Under REFIT, a wind farm owner was paid a guaranteed price of around €80 per ‘megawatt-hour’ for 15 years.
For context, an average Irish home would use around four and a half megawatt-hours of electricity per year.
Under REFIT, “if I sell my electricity on the market and I don’t get €80 – my guaranteed price – the Public Service Obligation (PSO) levy is used to top me up,” Moran said.
The wholesale price is lowered accordingly to balance out the price, “but there is definitely a cost there for consumers.”
The PSO levy is currently paid by consumers and businesses and helps support renewable energy sources.
With RESS, the price you bid is your minimum guaranteed price – but also your maximum. This means that if you don’t reach the minimum, the PSO levy will still top you up, but if you make more per unit than your bid price, you pay it back to the consumer, which helps reduce prices.

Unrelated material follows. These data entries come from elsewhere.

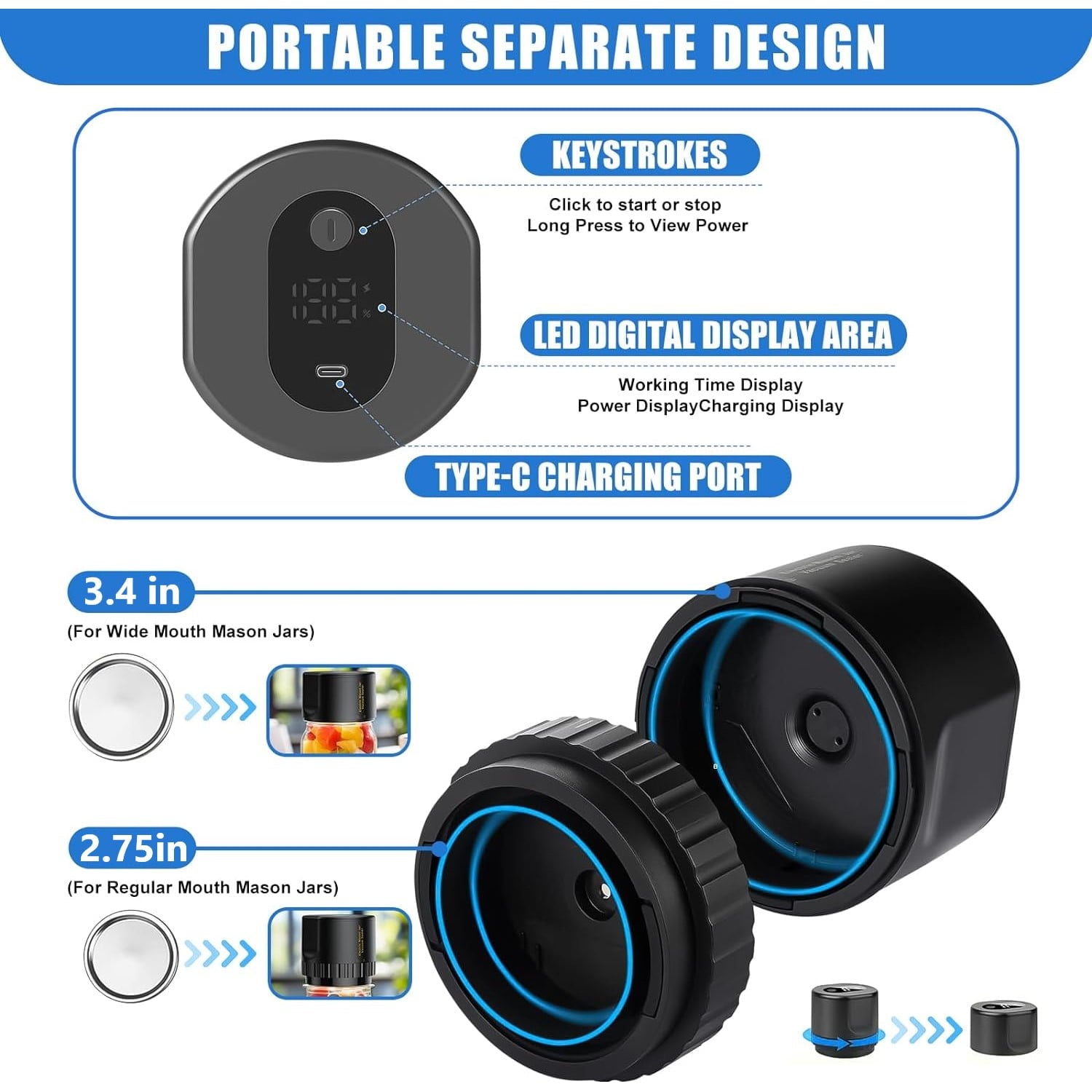 - 【Large Led Display, One-Button Operation】 Upgraded high capacity battery can be fully charged in only 2 hours for long time use. The jar vacuum sealer with built-in LED display simplifies the sealing process. One-touch activation seals food in over 20-40 seconds, freeing your hands from manual pumping.
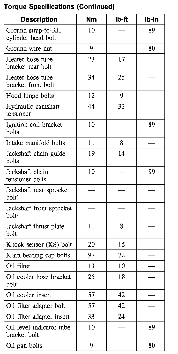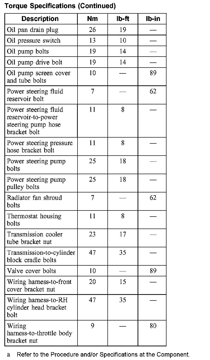 Torque Specifications:
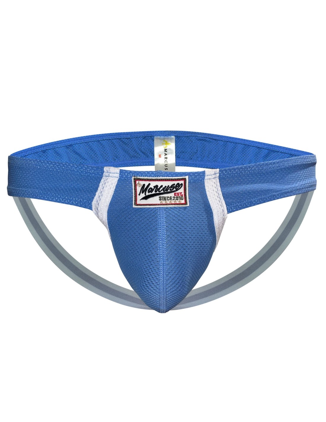 Blue jockstrap in a super low rise cut with contrasting detailing and legstraps and contoured pouch.
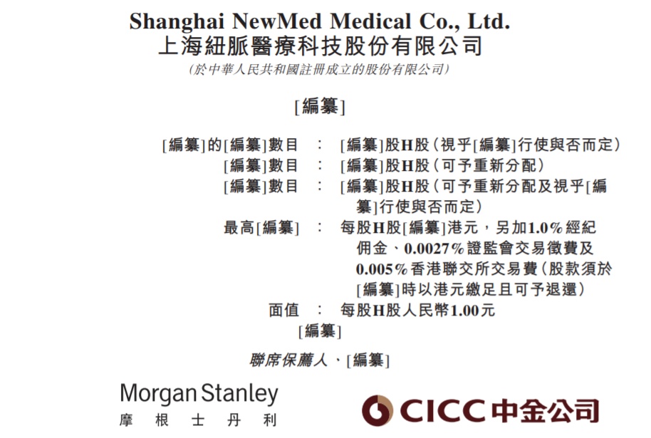 智通财经APP获悉,据港交所8月23日披露,上海纽脉医疗科技股份有限公司(Shanghai NewMed Medical Co., Ltd. )向港交所主板递交上市申请,摩根士丹利与中金公司为联席保荐人。
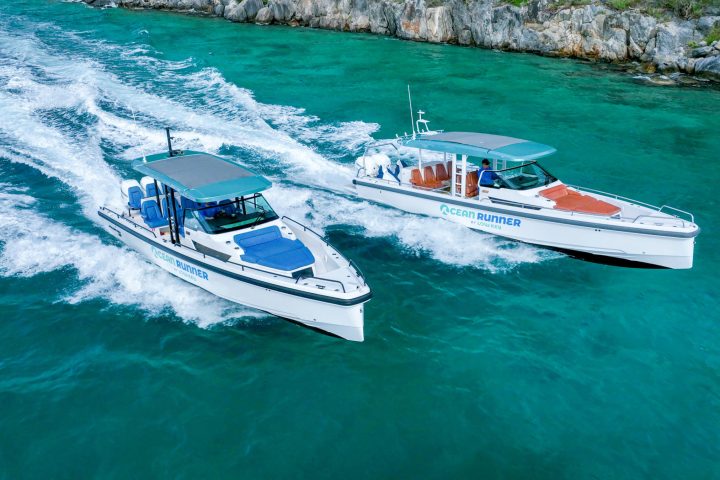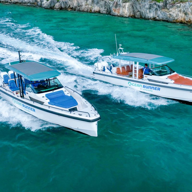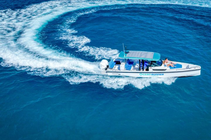 The Axopar private charters have ample seating for 11 passengers. These boats include a lounging sun bed in front and dining table with swivel seating as well as a full cabin with a private bathroom. The expansive hard top provides plenty of shade for you and your passengers, but retracts for additional sunshine. Each boat contains snorkel gear and an insulated cooler stocked with water, sodas and beer. Their unique hulls and twin Mercury engines with combined 600 HP provide an exceptionally smooth ride. You can even put on your favorite playlist while on the water using the boat’s sound system with Bluetooth capability.
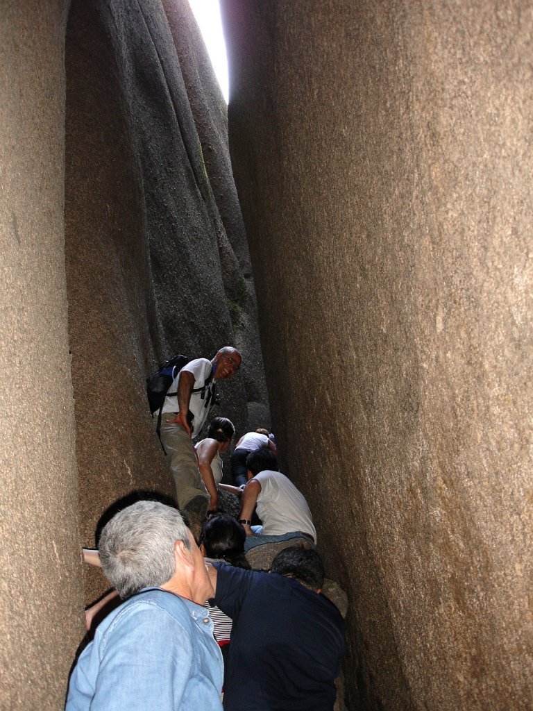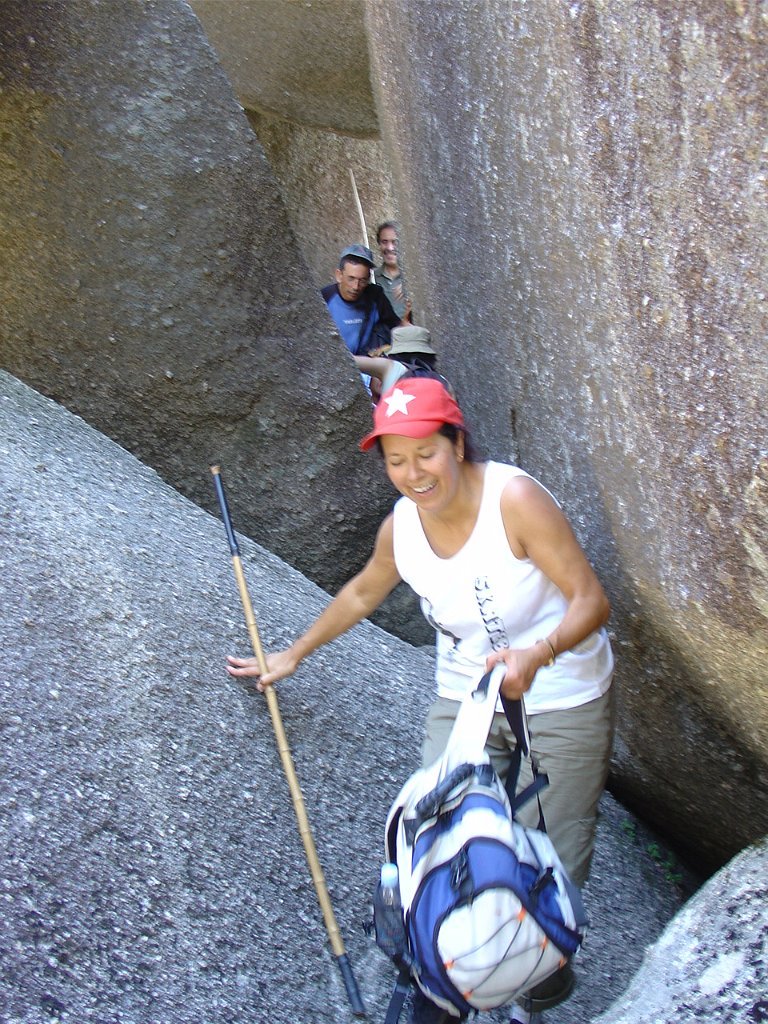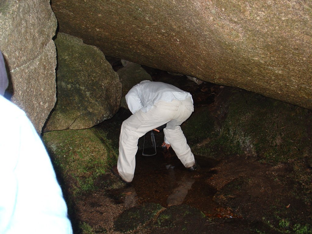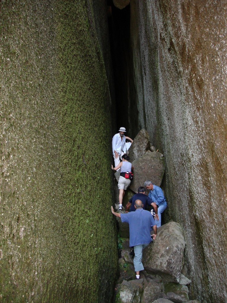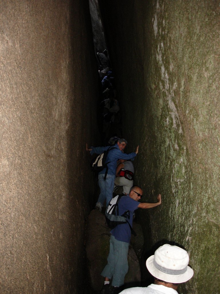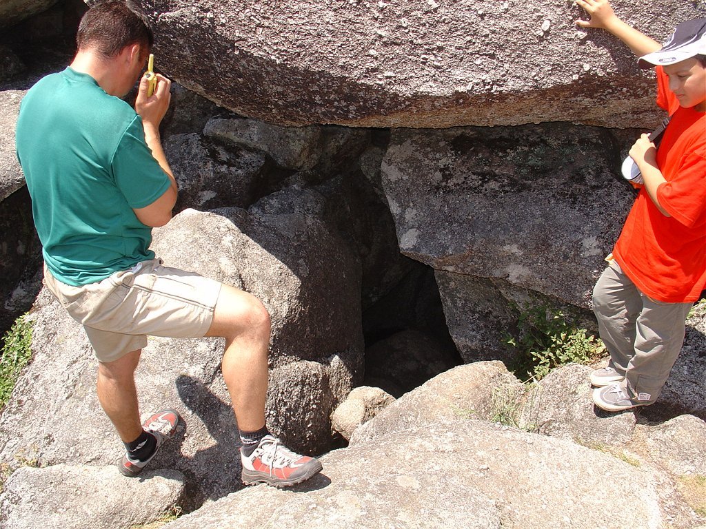 Depois de alguma polémica e muitas dúvidas sobre a capacidade dos presentes em vencer tal dificuldade, animados pelas palavras da Isabel, que já tinha passado a fenda várias vezes, lá nos fomos animando mutuamente e arrastando pela estreita passagem, ora contornando, ora galgando os enormes blocos graníticos, que quase obstruem completamente a dita.
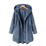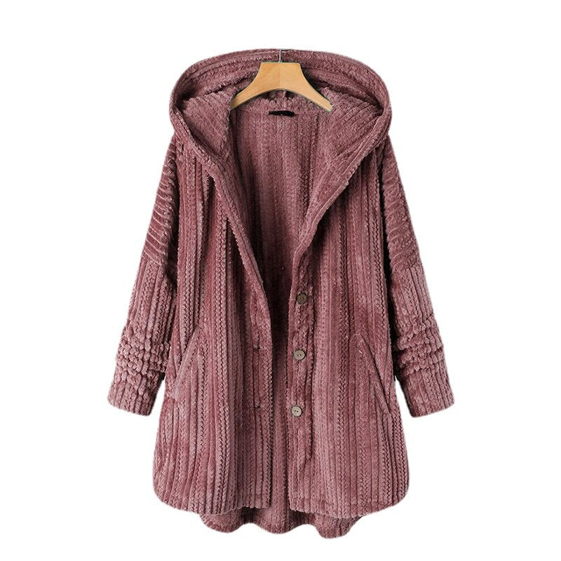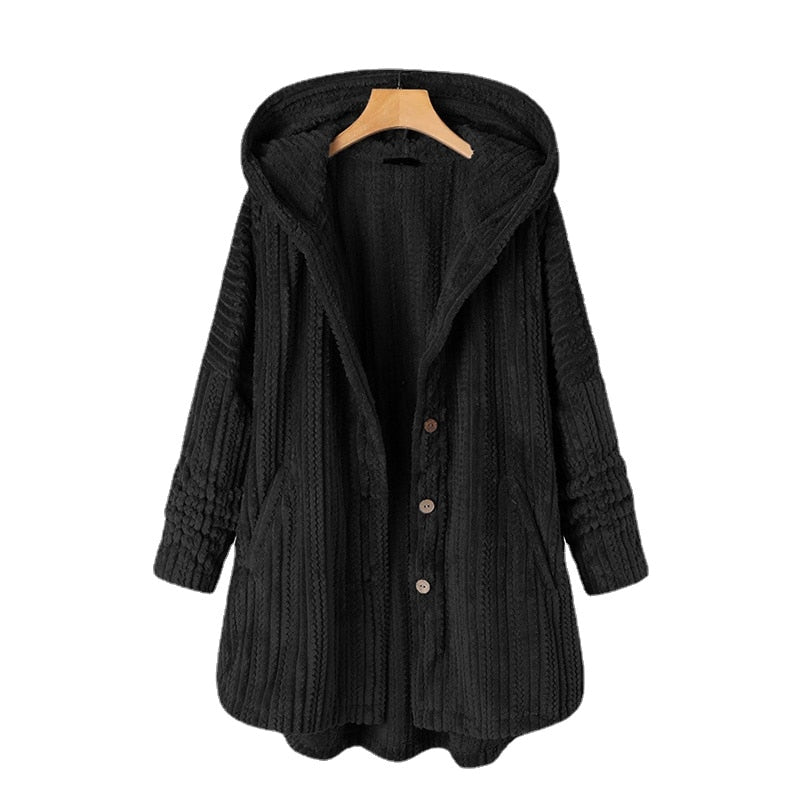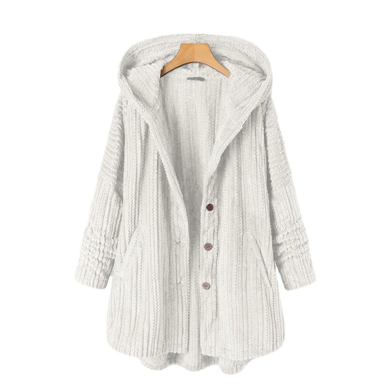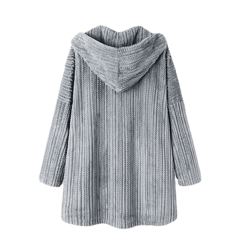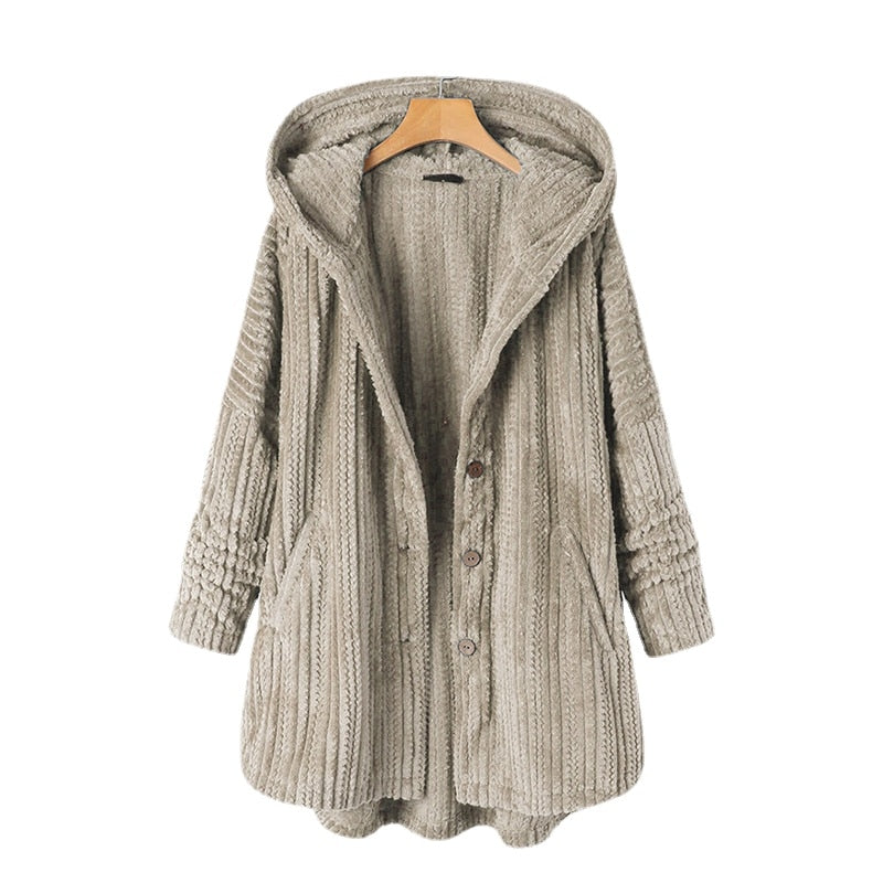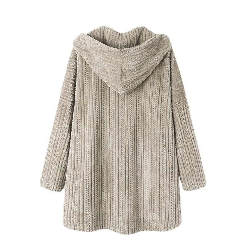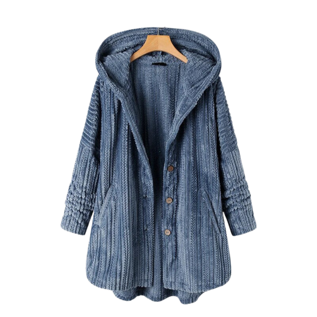 Casaco de lã aconchegante e quente, forrado de lã, com estampa moderna e capuz grande com botão frontal. Mangas compridas com trançado. Comprimento médio até a cintura.
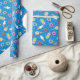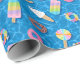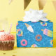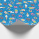 This desserts wrapping paper has a pattern with cute sweet treat floats on top of a second blue pool pattern. There are six different sweet treat floats. Ice cream cone, ice pop, lollipop, swirled candy, and two doughnuts. You can make this pattern larger or smaller.
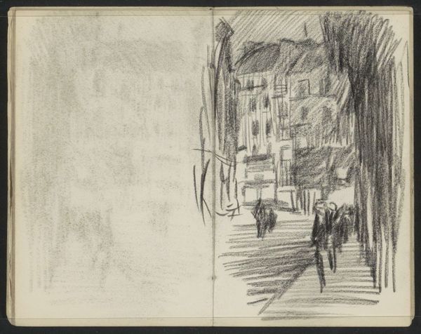 Editor: This is “Gezicht in een dorp” by Jan Veth, made sometime between 1874 and 1925. It's a drawing – looks like pencil and maybe some ink? – and it gives off this kind of quiet, almost melancholic feel. The perspective makes you feel like you’re walking right into this old town. What strikes you when you look at this piece? Curator: Oh, that melancholy, exactly! I sense that too. You know, what captivates me is how Veth manages to evoke an entire world with such a restrained hand. Look at the sketchy lines—almost trembling with intimacy—that build those buildings, those figures. It’s as if he’s not just depicting a village, but rather a fleeting memory of one. Does it remind you of anywhere you’ve ever been? Editor: A little, actually. It reminds me of a village I visited in England once, really old stone buildings. It’s the atmosphere, definitely. But, I wonder, is it just a literal depiction, or is there something more going on? Curator: Ah, that’s the question, isn't it? Veth was known for his portraits, capturing the inner lives of his subjects. I feel like he does the same here, for this village. It's a portrait of a place, a character study if you will, that evokes a mood, a feeling, rather than a precise representation. What do you think? Does it feel like a real place, or an imagined one? Editor: I guess it’s somewhere in between? It feels real because you can almost hear the sounds of the village, but also dreamlike, maybe because it’s not super detailed. Curator: Exactly. Art exists in that very liminal space – between what *is* and what *could be.* Thanks for lending your fresh pair of eyes; this piece really does invite you into its little world, doesn't it? Editor: Totally. I’m definitely seeing this drawing in a new light now. That perspective of memory makes so much sense.

In most European markets and Britain, similar renewable energy auctions are index-linked, meaning the price can increase with inflation over time.
With RESS, the government has decided not to index-link, which means that whatever a potential provider bids is the price they will get for the next 15 years, regardless of inflation.
“What that will mean is that the people who are bidding, and particularly the banks and the financiers providing the money, will definitely bid higher than they would otherwise because they are going to want to ensure that they’re cushioned against and inflation increase,” according to Moran.
Over the next few months, companies will be getting their finances and paperwork in order ahead of the auction to make their projects eligible.
Only projects with planning permission and a grid connection offer can bid into the auction.
“While they’re doing that they’re also going to be working to put together the actual bid price,” Moran said – one that’s not risking their income from inflation, but also not risking pricing themselves out of the auction.
What happens next?
Though 2018 probably saw the highest-ever number of wind-generated energy projects connected to the grid, this year it’s likely going to be less than half of that.
The last wind farms to connect through REFIT will be in March, then companies will be hanging back to see if they get into RESS or not.
“Construction will basically stop,” in that time, Moran said, adding that on average a wind farm can take 18 months to build and a year to connect, so we likely won’t see any new wind farms for the next two years. The first farms to reach the market through RESS will likely go live in 2023, all going to plan.
One challenge companies may face is the so-called ‘cliff-edge’ of hard construction and connection deadlines set by the department. This means that a company could, in theory, do everything right, but for reasons beyond its control, the project may be delayed or lost altogether.
The grid connection is built by ESB, and due to high numbers of wind farm connections – as well as other parts of the grid they operate – there have been backlogs.
“This is one thing our members are slightly concerned about,” Moran added.
Many in the industry have been starved for new routes to market. RESS will be just one new avenue for companies but it probably won’t become the default option.
“Our members are already looking at corporate power purchase agreements (CPPAs) and a couple have already been signed in the last 24 months,” Moran said.
According to the government’s Climate Action Plan, 15% of the energy supply needs to come from CPPAs.
Between CPPAs and RESS auctions, the outcomes will likely favour bigger companies – but under the new scheme, the department has included a community-led provision of up to 30 gigawatt-hours, which excludes competition from bigger players like ESB, Brookfield or Bord na Móna and sets aside funding for smaller projects.
There is also a specific provision of 300 gigawatts for solar, as it tends to be a bit more expensive.
The second quarter of 2021 is the projected period to start looking at offshore wind projects, which the industry hopes will also bring more diversity to the grid.